During her time as a private tutor teaching graphic design, Melanie noticed how difficult it could be for students to learn professional software such as Photoshop. Seeing the need for a more accessible graphic design platform, Melanie soon hatched the idea of building a visual content creation tool that does not require formal, specific training. Thus, Canva was born, and since then it has become more and more indispensable for students and professionals alike. With over 75 million monthly active users, the platform generated over a billion dollars of revenue in 2022. Plus, following a recent funding round of $200 million, Canva is now valued at $40 billion, making it one of the most valuable private software companies out there. 

Perkins continues to work as CEO at Canva, and is one of the youngest-ever female CEOs of a tech start-up valued at over A$1 billion.

 

Kayla Itsines

Australian Women in Tech Kayla Itsines Sweat

(source: https://www.sweat.com/blogs/workouts/kayla-express-ab-challenge)

If you are an active user of Sweat, the fitness app that offers guidance from female fitness trainers, you might have heard the name of Kayla Itsines. In the year of 2016, she was listed as one of the ‘30 most influential people on the Internet’.

Kayla was once a personal trainer herself at a gym in Adelaide. She set an example for women who look to start a business from a passionate project by combining it with technology. She managed to tap into her expertise in fitness and further launch her fitness app, motivating over a million users every month to achieve their workout goals and to maintain mental health.

“Stay focused on what you want to achieve and what feels right for you. If you do what you love, that passion and authenticity will shine through and people will be drawn to that.” – 2018, interview with Carrie Colbert

Sweat has a women-first tech approach, with different options that recognise flexibility, variety and support to allow users to reach their own, personal health and fitness goals. With options that include: high-intensity, weights, powerlifting, yoga and post-pregnancy programs, they leverage the shifting needs of women in different stages of their life.

Kayla Itsines understood the power of technology when she launched her business, turning what were once one-time-payment ebooks into a subscription-based app that allowed her to update content regularly and track who was making use of her programs. Sweat now works to collectivise the e-training industry into one handy, easy-to-use platform. 

Today, she has over 15 million followers on her social media, and her app reaches over 20 million women worldwide. 

 

Catriona Wallace

Australian Women in Tech Catriona Wallace Gradient Institute(source: Chris Pavlich via https://old.advance.org/blog/meet-dr-catriona-wallace)

Catriona Wallace, named one of the most influential women in business and entrepreneurship by the Australia Financial Review, is the director of the Gradient Institute whilst also being the founder of the Responsible Metaverse Alliance (RMA). 
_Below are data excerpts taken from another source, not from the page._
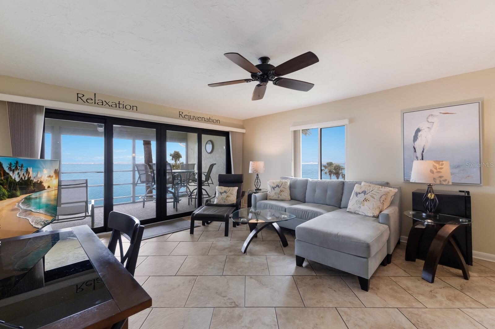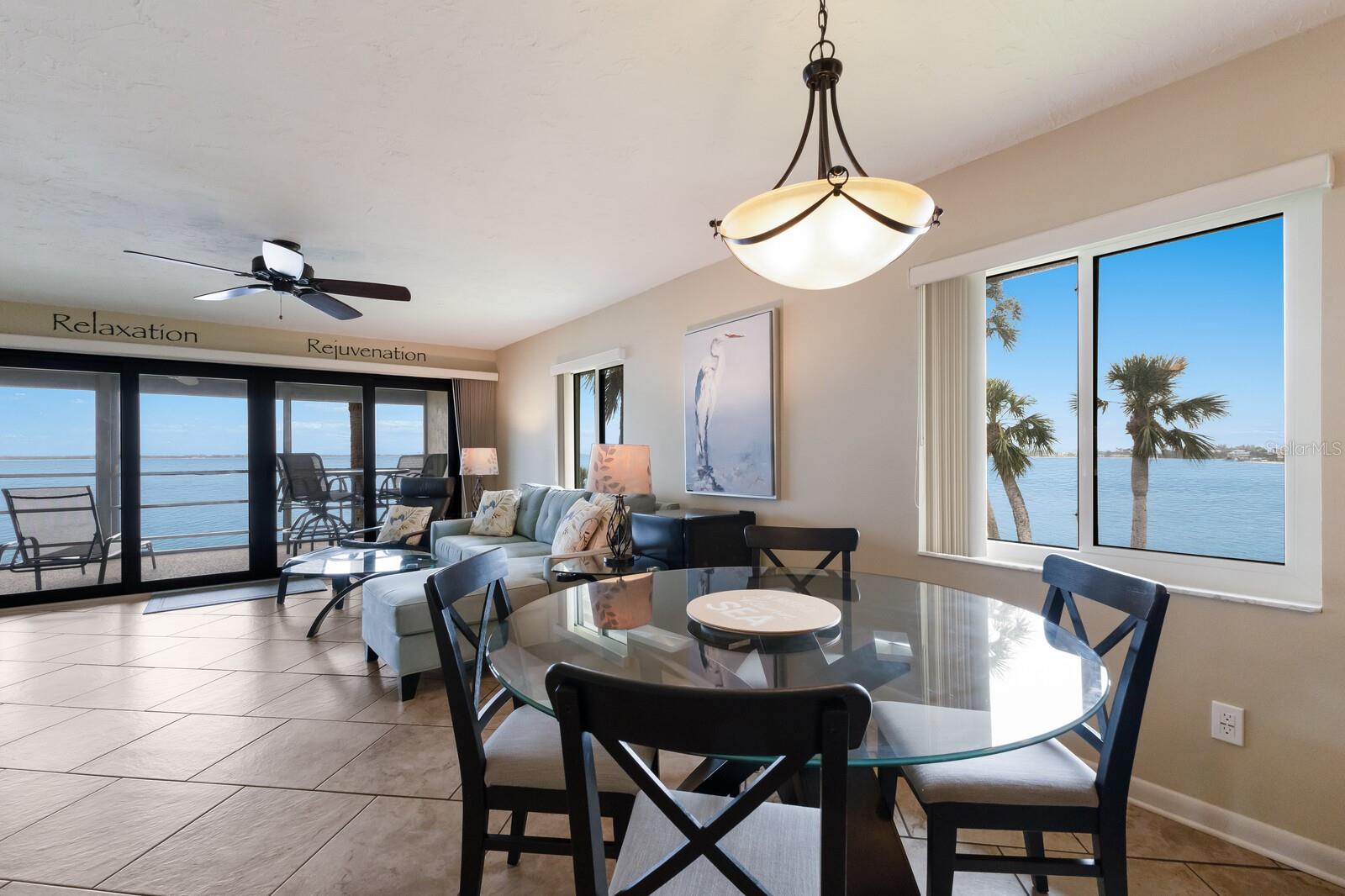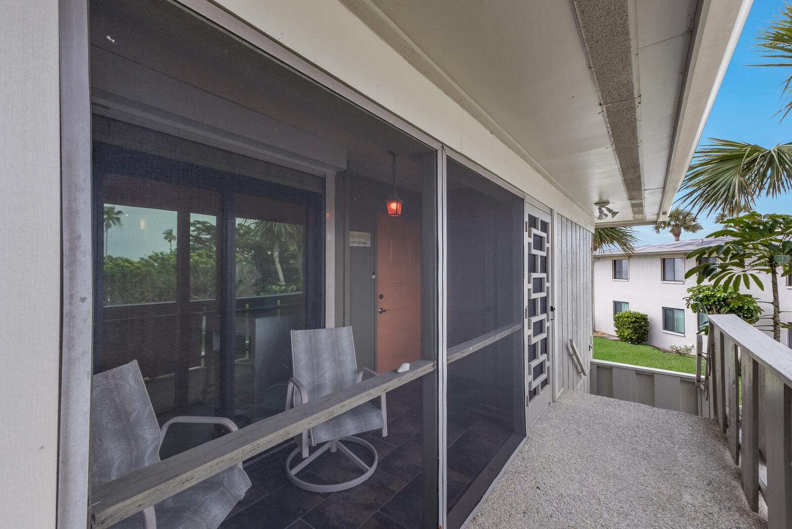 Tucked away in the serene and impeccably maintained West Bay Point & Moorings community, this second floor, end unit condo offers the ideal blend of comfort, privacy, and stunning water views. Thoughtfully designed with two spacious bedrooms, each featuring its own ensuite bath, this condo ensures both convenience and personal retreat. With both a screened front porch and a larger screened back porch, outdoor living is effortless, especially when the backdrop is the sparkling Intracoastal Waterway where sunrises, sailboats, and seabirds become part of your daily routine. Whether you're sipping morning coffee or unwinding after a long day, the views are simply unforgettable. In addition to its tranquil setting and beautifully maintained grounds, this condo offers excellent investment potential, with the association permitting monthly rentals, making it just as appealing for seasonal stays as it is for year round living. Additional features include turnkey furnishings, electric hurricane shutters, new roof being installed, storage and more. Community amenities include a heated pool, tennis courts and boat dockage, adding even more to the relaxed, coastal lifestyle this condo provides. Don't let this perfect little slice of island life get away and make it your waterfront retreat today!
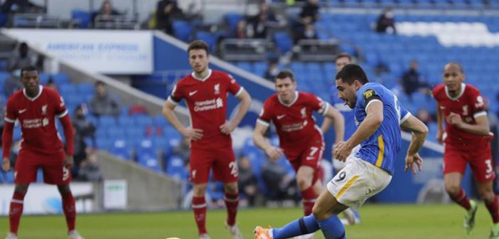 وتحصل برايتون على ركلة جزاء في الدقيقة الثانية من الوقت بدل الضائع بعد الرجوع إلى تقنية الفار، بعدما سدد روبرتسون قدم ويلبيك بدلًا من الكرة.
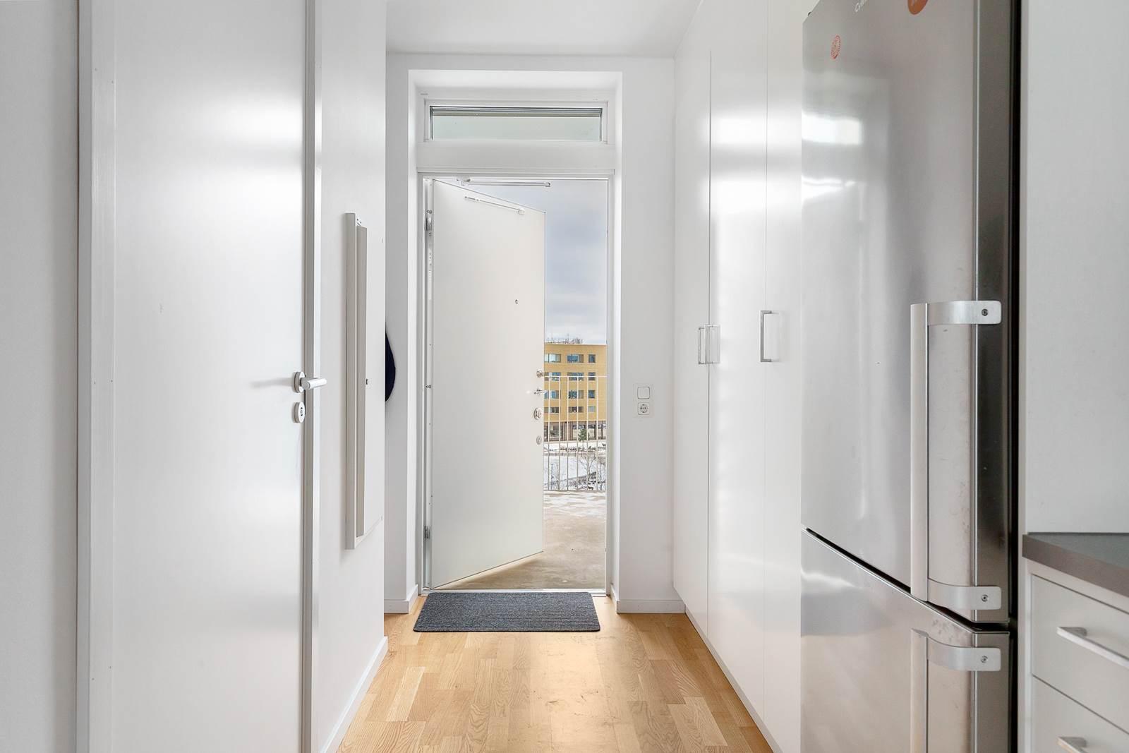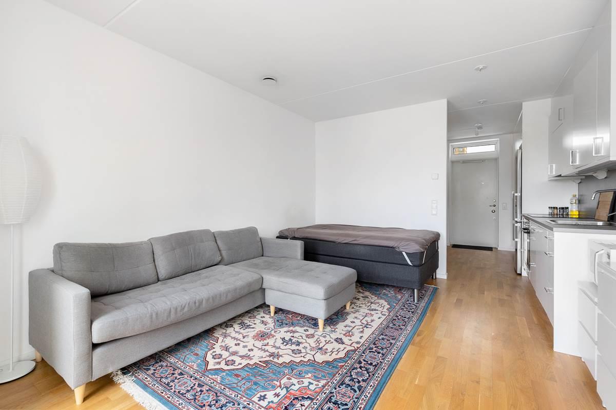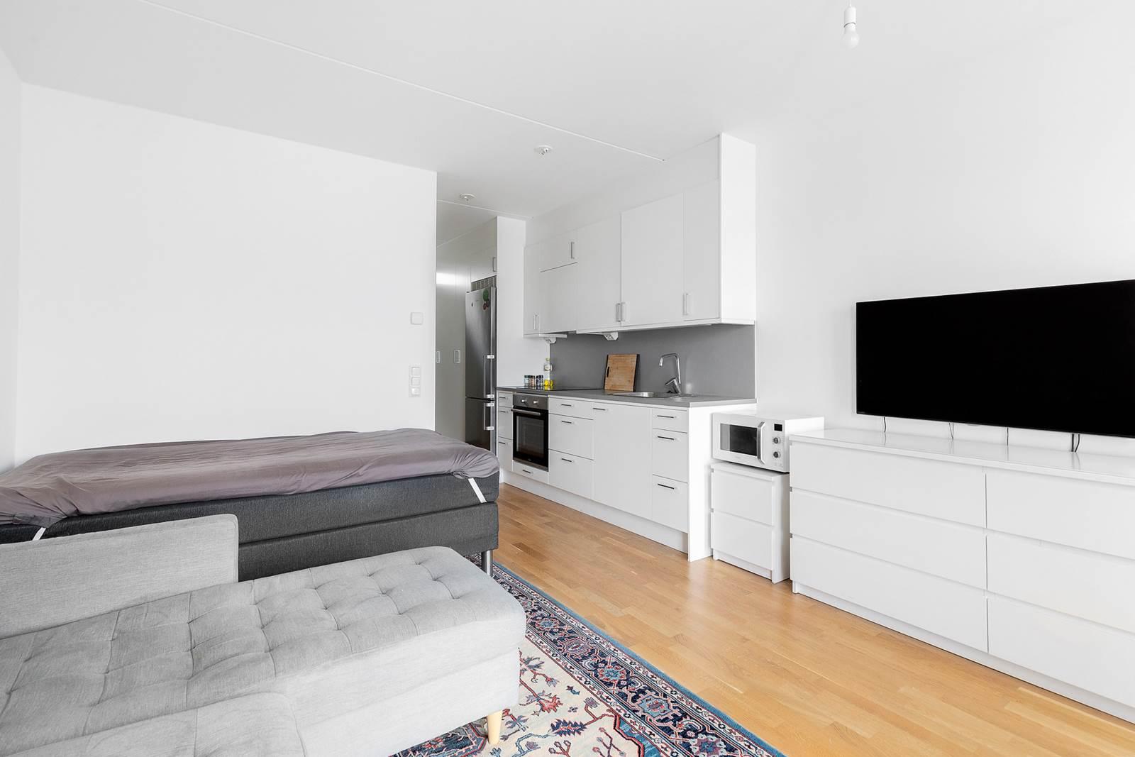 Stig in och upplev det ljusa och luftiga vardagsrummet som välkomnar dig med naturligt ljus från de stora fönstren. Här finns plats för både avkoppling och sociala stunder. Köket är modernt och öppnar upp mot vardagsrummet, vilket skapar en trivsam atmosfär. Dessutom finns ett stilrent helkaklat badrum med tvättmaskin för extra bekvämlighet.

“Women need to see, read about, meet and experience other women who are in those leadership roles. I believe that women attract women. Women like to go and work with women, so just having that visual presence would certainly help.” – 2019, CEO Magazine.

With her speciality in artificial intelligence, Catriona resides In a relatively male-dominated industry, which is why her success has caught substantial attention. The company she founded in 2013, Flamingo AI, was one of the first SaaS companies in the AI field and the second-ever woman-led business to be listed on the Australian Stock Exchange. Under her leadership, the company landed impressive accounts like Nationwide and HSBC. Flamingo AI worked as an AI knowledge-sharing hub for businesses, and aimed to increase productivity and team agility by delivering accurate, up-to-date knowledge using artificial intelligence natural language search. 

In 2020, she also founded the Ethical AI Advisory – a board that aims to develop and integrate ethical and responsible AI tech into future-facing businesses. As of today, she sits as the founder of the Responsible Metaverse Alliance – a movement conceived of technologists, ethicists and human rights experts, all united to uphold the ethical use of Metaverse technology. They debate the perceived benefits against unnecessary risks of this new technology, and how it might negatively affect different groups, such as women and children.